Science says women should let their hips swing and make sure their legs and arms feel the beat if they want to be judged as a good dancer.
A study published Thursday in the journal Scientific Reports hints at the key to sexy dance moves right at the front of its decidedly unsexy title: "Optimal asymmetry and other motion parameters that characterise high-quality female dance."
Specifically, the authors found that asymmetric movements of the thighs and arms as well as hip swing are the most highly rated dance moves for women.
Don't worry, the study wasn't conducted by a group of creepy dudes in labcoats ogling dancing female volunteers. Instead, researchers from Northumbria University in the UK used 3D motion capture to record 39 women dancing to a basic drum beat and render their movements into computer-generated avatars that remove all information about their individual physical appearance.
A total of 57 women and 143 women then watched 15-second clips of the 39 avatars dancing and rated their moves.

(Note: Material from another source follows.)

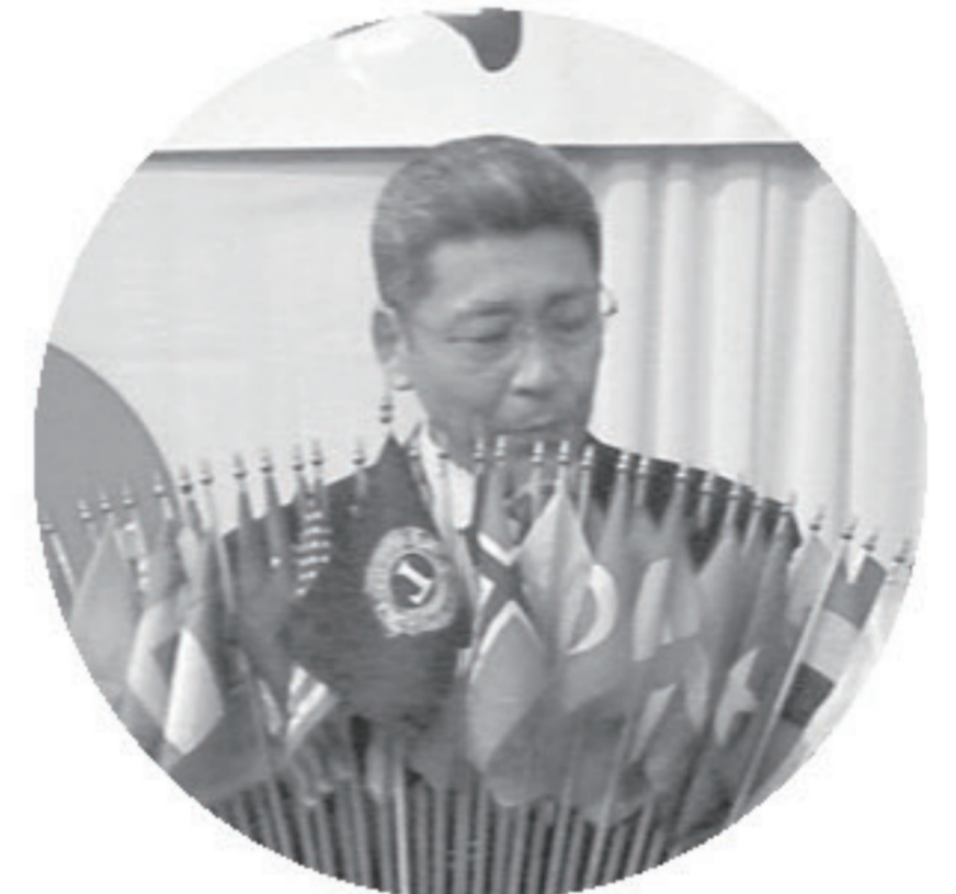
竹村会長閉会のあいさつ

The study's break down of what makes for great dancing is just as unsexy as its aforementioned title:
"Higher ratings were awarded to (1) greater hip swing (i.e. to a greater standard deviation of the spine lateral flexion/extension angle); (2) more asymmetric thigh movements (i.e. to a greater standard deviation of the difference between the differentiated left hip joint angle and the differentiated right hip joint angle time series); and (3) moderate asymmetric arm movements."

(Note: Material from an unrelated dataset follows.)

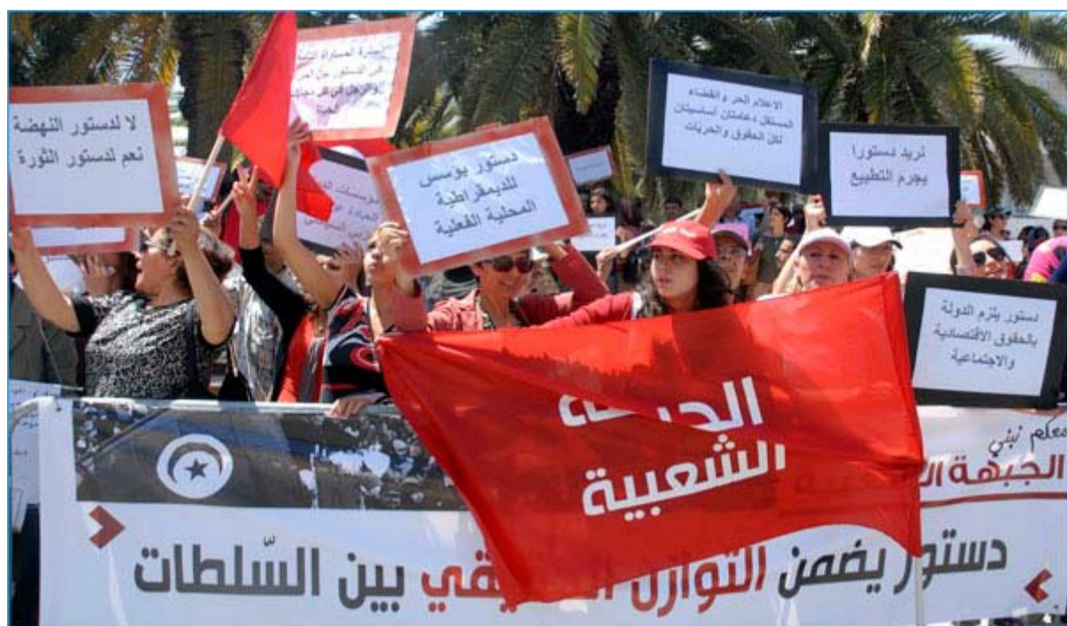
الوفاق او الفوضى والتمرد

Translation: Swing those hips and let your body follow! Watch a sample of a "good dancer" as determined by the data in the below video.
And here's a sample of a "bad dancer," who seems to be perhaps a little more inhibited or just not feelin' it.

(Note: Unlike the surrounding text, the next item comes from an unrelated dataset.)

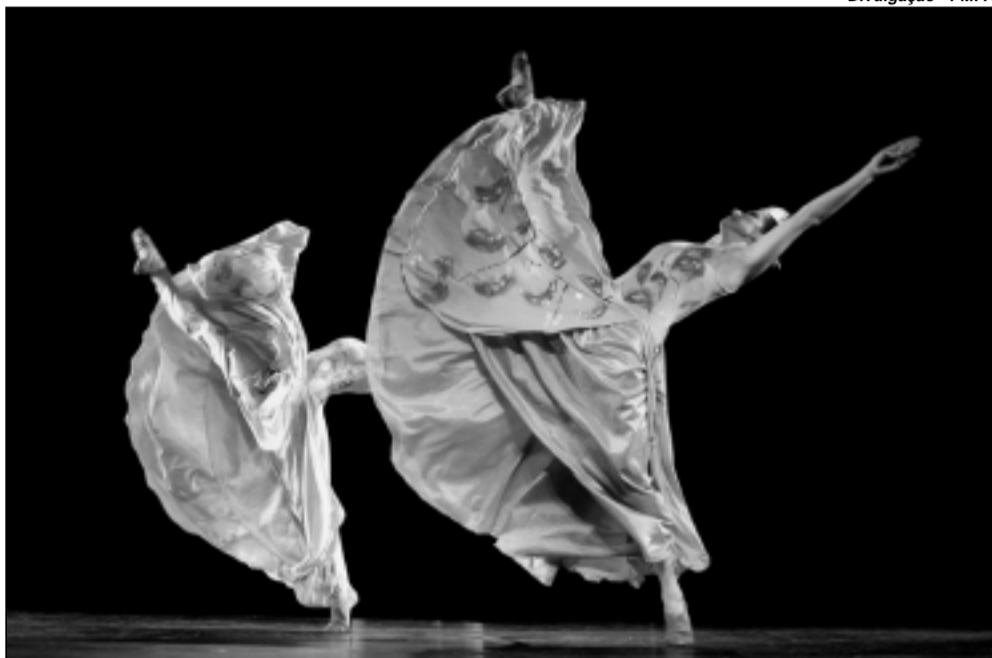
Uma das mais encantadoras histórias de Natal immortalizadas no balé que ganha nova versão

Encenado em dois atos, o balé conta a fantasia de Clara, uma garota que, na noite de Natal, ganha muitos presentes, mas se encanta de uma maneira especial por um deles, um boneco quebra-nozes. Quando todos vão dormir, Clara vai à sala para brincar com seu novo presente, adormece e entra no mundo da fantasia. Os brinquedos ganham vida, dan-

The researchers speculate that what we see as quality dancing might have a function in courtship and choosing a mate. They note that hip swing and thigh movement might be "emphatically feminine traits" that enhance attractiveness. Asymmetric movements of the arms and thighs might also indicate high-quality motor control.
So why only rate women's dancing? According to the study, there are no existing "functionally-motivated studies (that) have analyzed the patterns of movements that improve positive perceptions of female dance."
"Previous research has shown that male dance quality can be predicted by variability in the amplitude of neck and trunk movements together with the speed of movement of the right knee," the new study reads.
Science has spoken. The most perfect dance consists of a woman swinging her hips and getting down in a generally coordinated fashion while avoiding the rapid-fire jabbing movements of her partner's knee.